▶ **Task requirements**:
All of the data is to be written out again exactly, without the pictures.

▶ **Given data**:
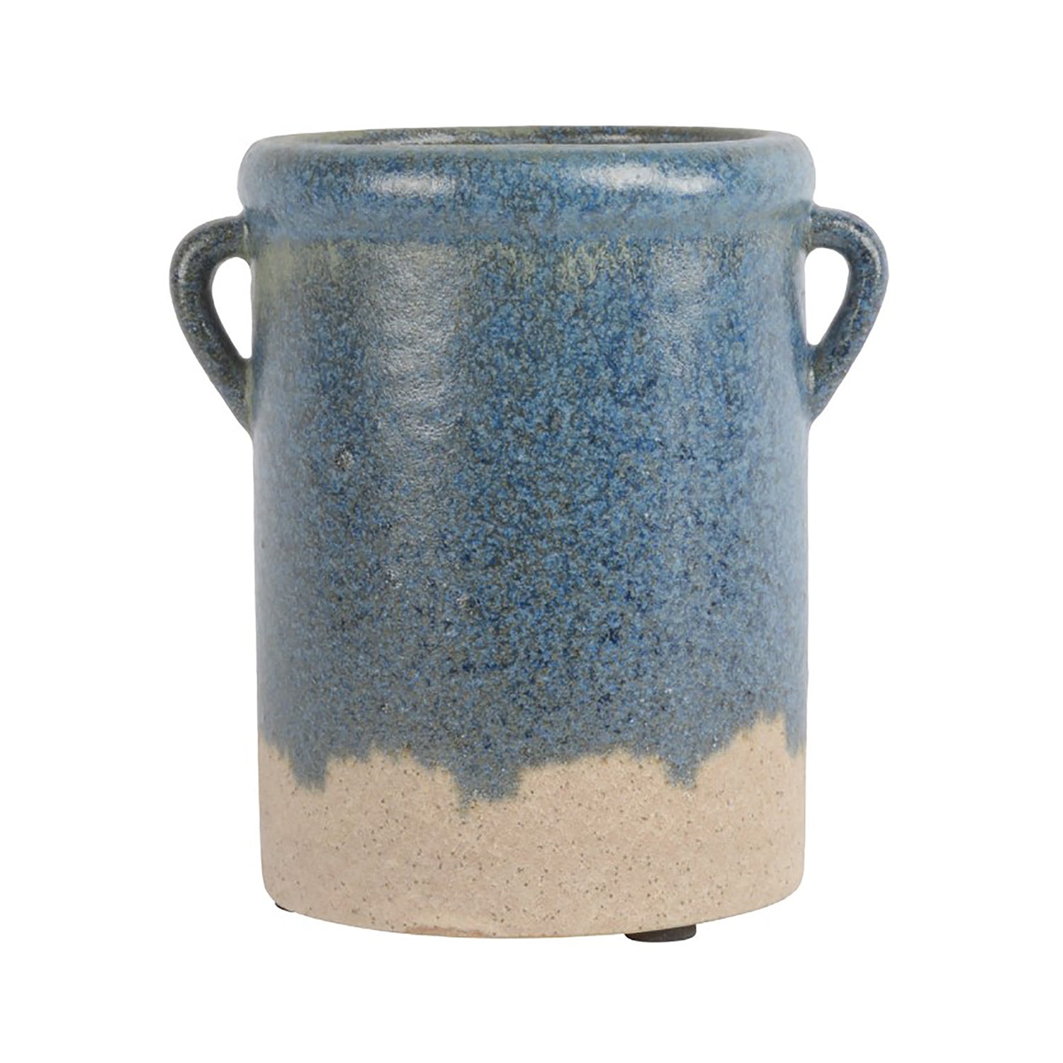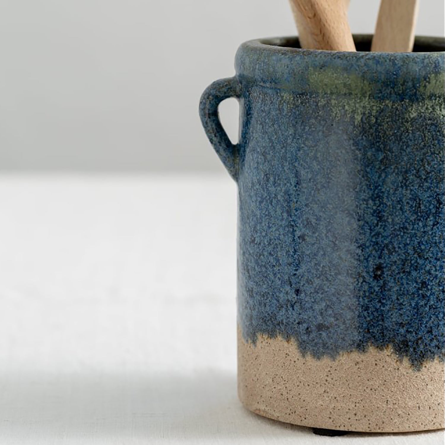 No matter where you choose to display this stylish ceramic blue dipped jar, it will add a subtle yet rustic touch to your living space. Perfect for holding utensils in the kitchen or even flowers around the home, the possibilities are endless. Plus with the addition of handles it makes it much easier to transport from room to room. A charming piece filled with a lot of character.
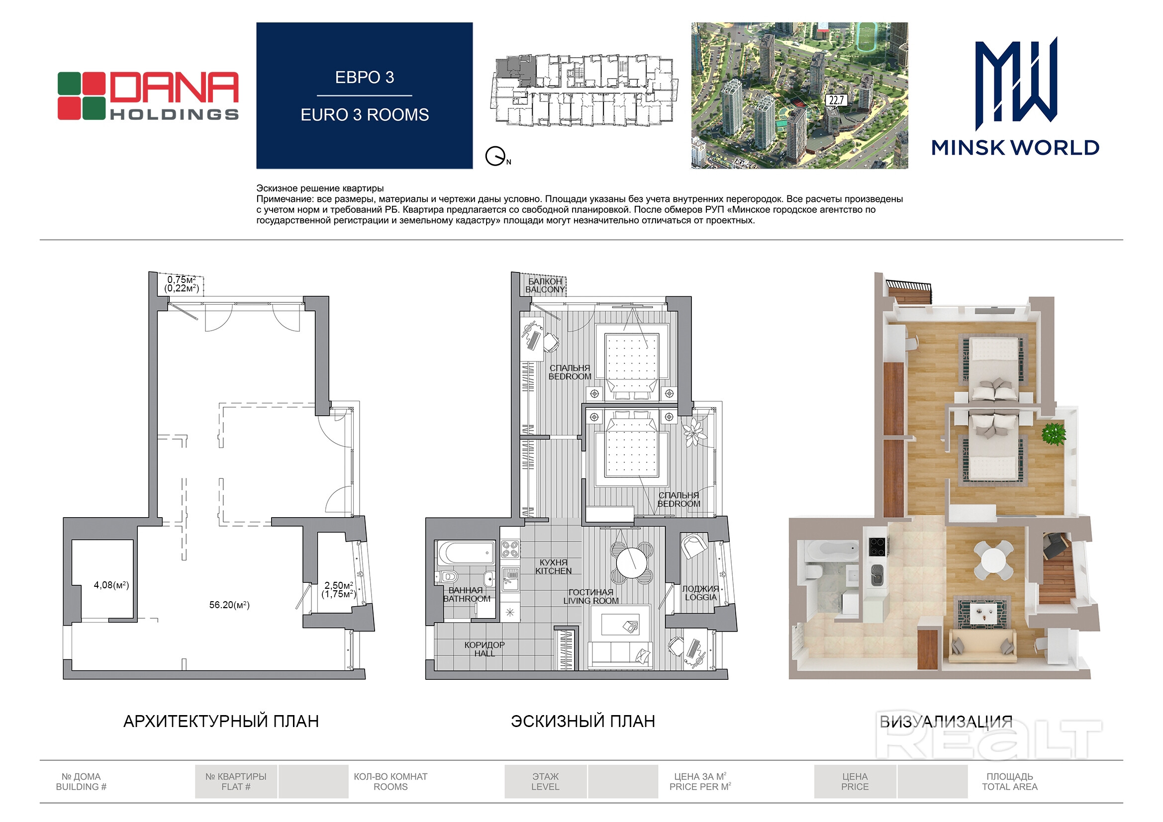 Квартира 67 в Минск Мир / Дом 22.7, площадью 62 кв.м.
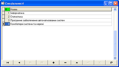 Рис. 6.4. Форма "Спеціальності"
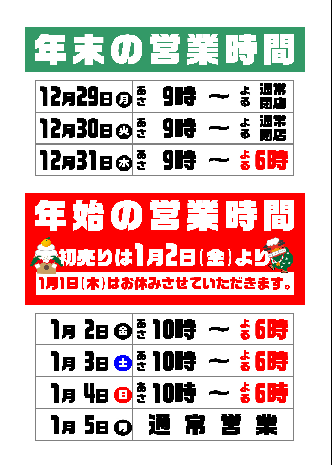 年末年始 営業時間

▶ **Solution to this problem**:
 No matter where you choose to display this stylish ceramic blue dipped jar, it will add a subtle yet rustic touch to your living space. Perfect for holding utensils in the kitchen or even flowers around the home, the possibilities are endless. Plus with the addition of handles it makes it much easier to transport from room to room. A charming piece filled with a lot of character.
 Квартира 67 в Минск Мир / Дом 22.7, площадью 62 кв.м.
 Рис. 6.4. Форма "Спеціальності"
 年末年始 営業時間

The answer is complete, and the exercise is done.